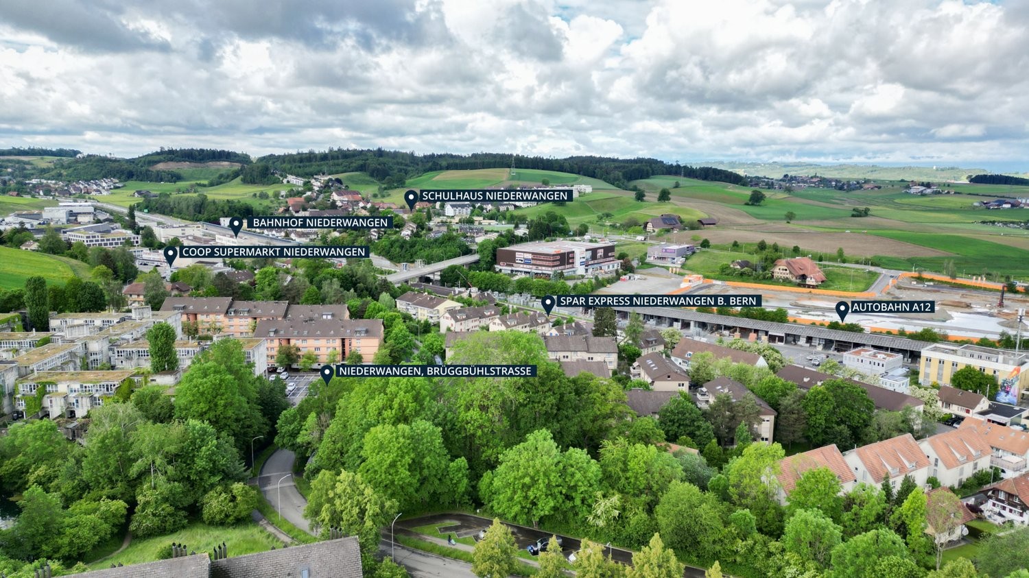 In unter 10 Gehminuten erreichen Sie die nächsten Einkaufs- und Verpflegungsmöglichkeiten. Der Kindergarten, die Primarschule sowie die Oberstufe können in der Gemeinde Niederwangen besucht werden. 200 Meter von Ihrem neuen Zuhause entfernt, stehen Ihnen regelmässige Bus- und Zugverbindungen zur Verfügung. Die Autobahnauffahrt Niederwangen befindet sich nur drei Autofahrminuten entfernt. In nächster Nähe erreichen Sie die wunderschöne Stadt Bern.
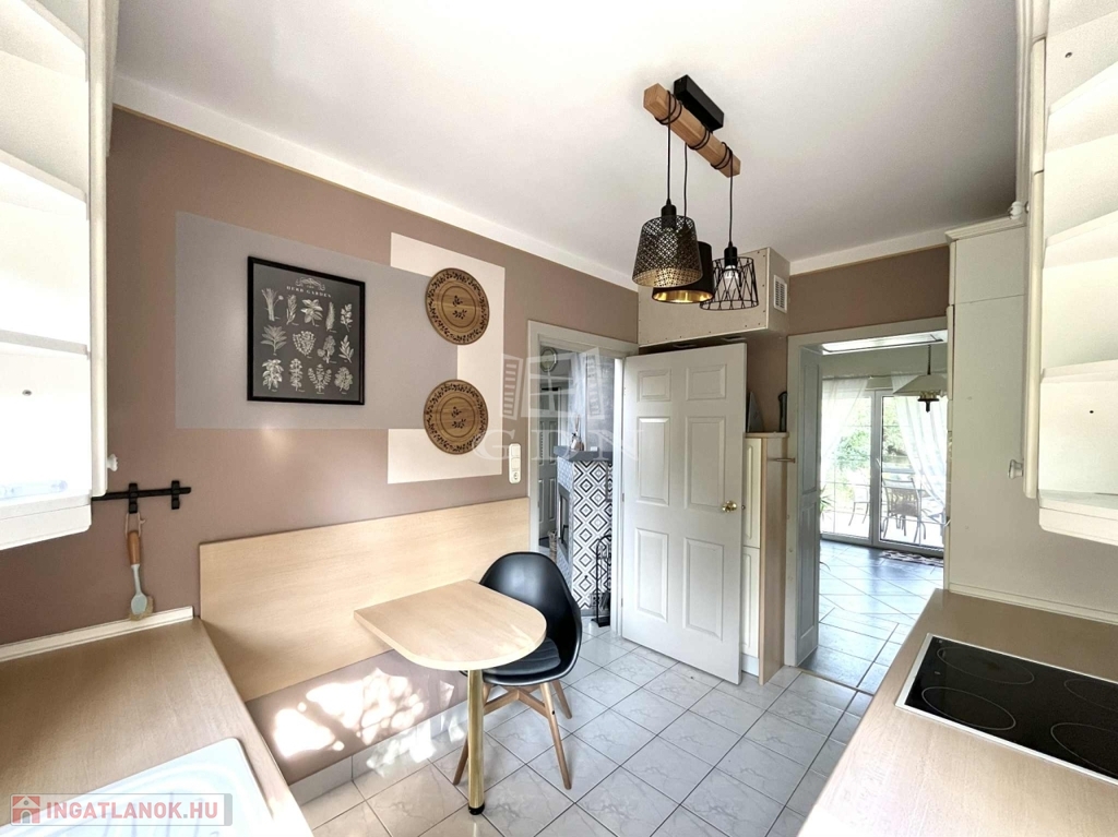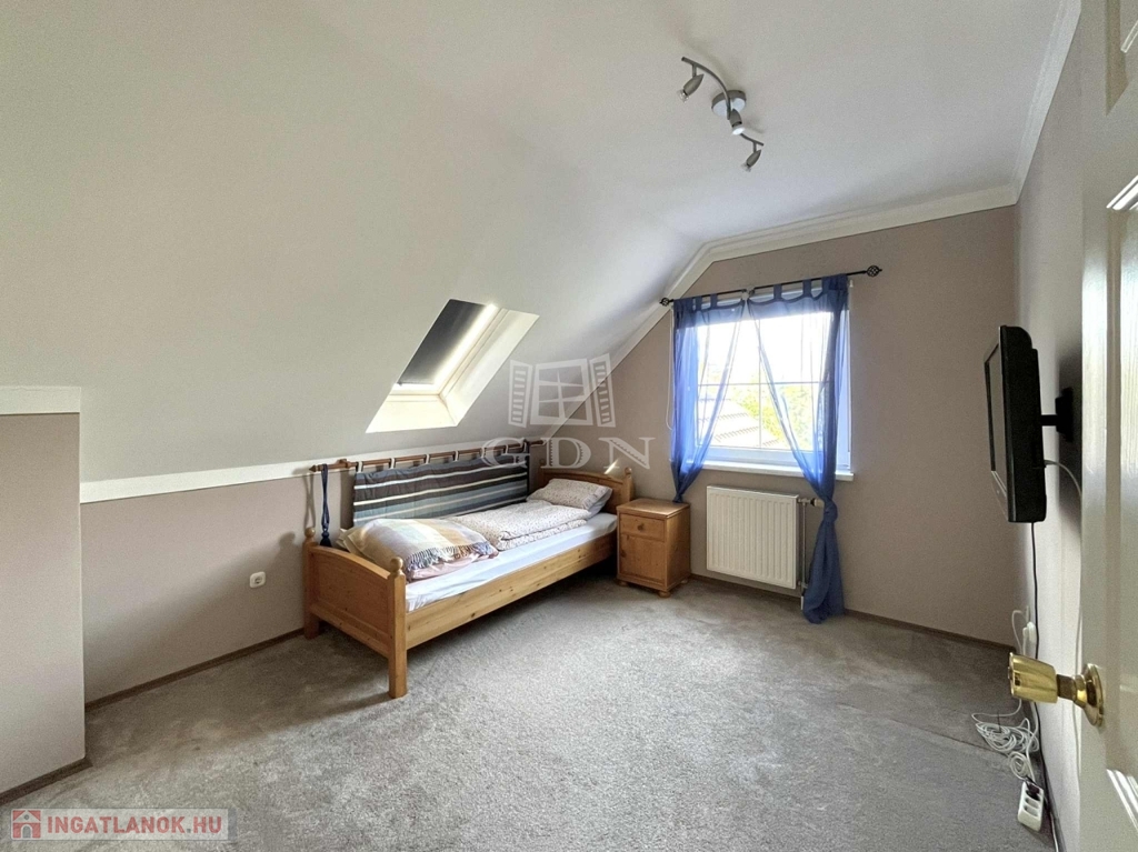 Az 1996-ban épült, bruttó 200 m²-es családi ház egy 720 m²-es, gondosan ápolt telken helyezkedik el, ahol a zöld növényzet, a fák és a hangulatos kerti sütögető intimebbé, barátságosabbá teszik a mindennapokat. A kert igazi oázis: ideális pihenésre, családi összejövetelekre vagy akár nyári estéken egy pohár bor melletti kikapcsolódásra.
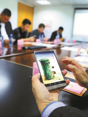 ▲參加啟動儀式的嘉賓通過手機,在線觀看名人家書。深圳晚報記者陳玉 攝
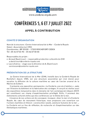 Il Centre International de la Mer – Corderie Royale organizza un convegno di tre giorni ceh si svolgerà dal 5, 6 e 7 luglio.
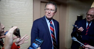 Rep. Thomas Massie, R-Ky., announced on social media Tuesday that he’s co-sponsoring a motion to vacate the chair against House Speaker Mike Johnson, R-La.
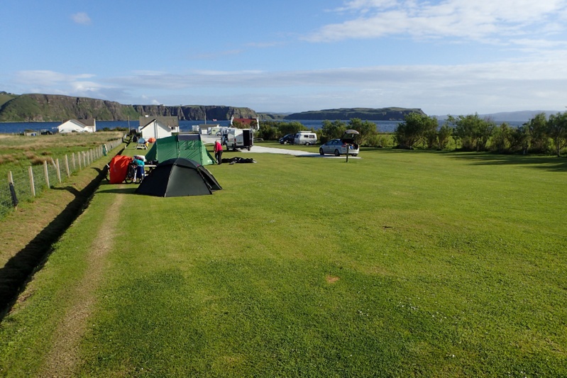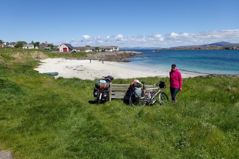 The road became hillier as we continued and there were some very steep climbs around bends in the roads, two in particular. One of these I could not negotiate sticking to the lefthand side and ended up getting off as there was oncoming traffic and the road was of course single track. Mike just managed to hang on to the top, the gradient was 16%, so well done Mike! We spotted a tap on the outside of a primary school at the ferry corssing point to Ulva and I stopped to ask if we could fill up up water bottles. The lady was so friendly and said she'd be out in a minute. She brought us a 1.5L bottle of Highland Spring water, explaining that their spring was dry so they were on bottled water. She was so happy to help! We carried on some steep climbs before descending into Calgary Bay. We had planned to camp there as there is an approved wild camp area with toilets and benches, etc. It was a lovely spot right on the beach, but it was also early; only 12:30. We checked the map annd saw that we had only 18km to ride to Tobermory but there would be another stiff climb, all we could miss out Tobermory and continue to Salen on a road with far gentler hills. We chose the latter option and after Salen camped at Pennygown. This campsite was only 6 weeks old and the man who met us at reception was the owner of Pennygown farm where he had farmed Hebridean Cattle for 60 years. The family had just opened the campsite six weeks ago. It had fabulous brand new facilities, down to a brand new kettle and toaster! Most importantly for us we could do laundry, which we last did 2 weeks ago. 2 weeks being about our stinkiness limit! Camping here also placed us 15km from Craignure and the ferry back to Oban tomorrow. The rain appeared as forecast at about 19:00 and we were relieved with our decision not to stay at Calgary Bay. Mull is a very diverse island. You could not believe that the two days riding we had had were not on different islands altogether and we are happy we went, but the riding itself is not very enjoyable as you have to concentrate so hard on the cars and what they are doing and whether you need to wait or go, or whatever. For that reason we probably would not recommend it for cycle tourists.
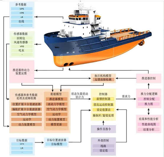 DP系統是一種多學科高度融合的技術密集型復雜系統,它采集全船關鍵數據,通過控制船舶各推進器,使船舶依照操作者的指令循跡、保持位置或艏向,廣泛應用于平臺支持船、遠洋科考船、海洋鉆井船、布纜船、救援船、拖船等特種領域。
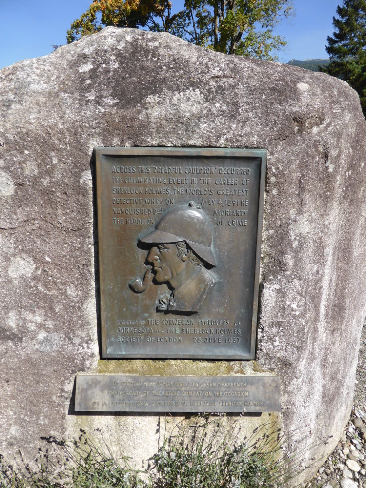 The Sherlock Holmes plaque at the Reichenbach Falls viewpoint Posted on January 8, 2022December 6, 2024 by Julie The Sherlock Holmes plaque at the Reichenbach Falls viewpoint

Task objective
What's needed here is an exact repeat of all the records above, pictures excluded.

Your response
 In unter 10 Gehminuten erreichen Sie die nächsten Einkaufs- und Verpflegungsmöglichkeiten. Der Kindergarten, die Primarschule sowie die Oberstufe können in der Gemeinde Niederwangen besucht werden. 200 Meter von Ihrem neuen Zuhause entfernt, stehen Ihnen regelmässige Bus- und Zugverbindungen zur Verfügung. Die Autobahnauffahrt Niederwangen befindet sich nur drei Autofahrminuten entfernt. In nächster Nähe erreichen Sie die wunderschöne Stadt Bern.
 Az 1996-ban épült, bruttó 200 m²-es családi ház egy 720 m²-es, gondosan ápolt telken helyezkedik el, ahol a zöld növényzet, a fák és a hangulatos kerti sütögető intimebbé, barátságosabbá teszik a mindennapokat. A kert igazi oázis: ideális pihenésre, családi összejövetelekre vagy akár nyári estéken egy pohár bor melletti kikapcsolódásra.
 ▲參加啟動儀式的嘉賓通過手機,在線觀看名人家書。深圳晚報記者陳玉 攝
 Il Centre International de la Mer – Corderie Royale organizza un convegno di tre giorni ceh si svolgerà dal 5, 6 e 7 luglio.
 Rep. Thomas Massie, R-Ky., announced on social media Tuesday that he’s co-sponsoring a motion to vacate the chair against House Speaker Mike Johnson, R-La.
 The road became hillier as we continued and there were some very steep climbs around bends in the roads, two in particular. One of these I could not negotiate sticking to the lefthand side and ended up getting off as there was oncoming traffic and the road was of course single track. Mike just managed to hang on to the top, the gradient was 16%, so well done Mike! We spotted a tap on the outside of a primary school at the ferry corssing point to Ulva and I stopped to ask if we could fill up up water bottles. The lady was so friendly and said she'd be out in a minute. She brought us a 1.5L bottle of Highland Spring water, explaining that their spring was dry so they were on bottled water. She was so happy to help! We carried on some steep climbs before descending into Calgary Bay. We had planned to camp there as there is an approved wild camp area with toilets and benches, etc. It was a lovely spot right on the beach, but it was also early; only 12:30. We checked the map annd saw that we had only 18km to ride to Tobermory but there would be another stiff climb, all we could miss out Tobermory and continue to Salen on a road with far gentler hills. We chose the latter option and after Salen camped at Pennygown. This campsite was only 6 weeks old and the man who met us at reception was the owner of Pennygown farm where he had farmed Hebridean Cattle for 60 years. The family had just opened the campsite six weeks ago. It had fabulous brand new facilities, down to a brand new kettle and toaster! Most importantly for us we could do laundry, which we last did 2 weeks ago. 2 weeks being about our stinkiness limit! Camping here also placed us 15km from Craignure and the ferry back to Oban tomorrow. The rain appeared as forecast at about 19:00 and we were relieved with our decision not to stay at Calgary Bay. Mull is a very diverse island. You could not believe that the two days riding we had had were not on different islands altogether and we are happy we went, but the riding itself is not very enjoyable as you have to concentrate so hard on the cars and what they are doing and whether you need to wait or go, or whatever. For that reason we probably would not recommend it for cycle tourists.
 DP系統是一種多學科高度融合的技術密集型復雜系統,它采集全船關鍵數據,通過控制船舶各推進器,使船舶依照操作者的指令循跡、保持位置或艏向,廣泛應用于平臺支持船、遠洋科考船、海洋鉆井船、布纜船、救援船、拖船等特種領域。
 The Sherlock Holmes plaque at the Reichenbach Falls viewpoint Posted on January 8, 2022December 6, 2024 by Julie The Sherlock Holmes plaque at the Reichenbach Falls viewpoint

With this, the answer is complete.